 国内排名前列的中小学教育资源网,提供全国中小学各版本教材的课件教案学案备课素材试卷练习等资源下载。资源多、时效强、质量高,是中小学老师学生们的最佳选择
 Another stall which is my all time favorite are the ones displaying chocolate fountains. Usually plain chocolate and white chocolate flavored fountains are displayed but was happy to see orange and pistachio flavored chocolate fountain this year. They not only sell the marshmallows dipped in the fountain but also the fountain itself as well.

_____

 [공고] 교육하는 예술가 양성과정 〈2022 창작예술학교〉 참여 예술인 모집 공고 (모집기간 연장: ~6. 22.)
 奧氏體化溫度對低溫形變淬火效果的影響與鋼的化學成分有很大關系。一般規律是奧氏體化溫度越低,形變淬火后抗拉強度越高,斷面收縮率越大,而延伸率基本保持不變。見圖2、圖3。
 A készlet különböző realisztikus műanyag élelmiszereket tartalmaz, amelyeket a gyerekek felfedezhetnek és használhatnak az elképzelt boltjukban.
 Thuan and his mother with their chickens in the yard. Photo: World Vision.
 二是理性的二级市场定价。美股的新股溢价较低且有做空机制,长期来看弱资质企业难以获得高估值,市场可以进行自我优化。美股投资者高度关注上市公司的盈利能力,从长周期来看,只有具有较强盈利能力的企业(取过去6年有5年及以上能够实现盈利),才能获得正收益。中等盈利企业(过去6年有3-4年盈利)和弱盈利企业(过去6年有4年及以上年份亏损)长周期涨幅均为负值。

_____

[WORK TASK] Look above for the line with "Thuan and his" and the line with "二是理性的二级市场定价。美股"; transcribe both and all lines in between, exactly, and nothing else.

[ANSWER TO THIS EXERCISE]
 Thuan and his mother with their chickens in the yard. Photo: World Vision.
 二是理性的二级市场定价。美股的新股溢价较低且有做空机制,长期来看弱资质企业难以获得高估值,市场可以进行自我优化。美股投资者高度关注上市公司的盈利能力,从长周期来看,只有具有较强盈利能力的企业(取过去6年有5年及以上能够实现盈利),才能获得正收益。中等盈利企业(过去6年有3-4年盈利)和弱盈利企业(过去6年有4年及以上年份亏损)长周期涨幅均为负值。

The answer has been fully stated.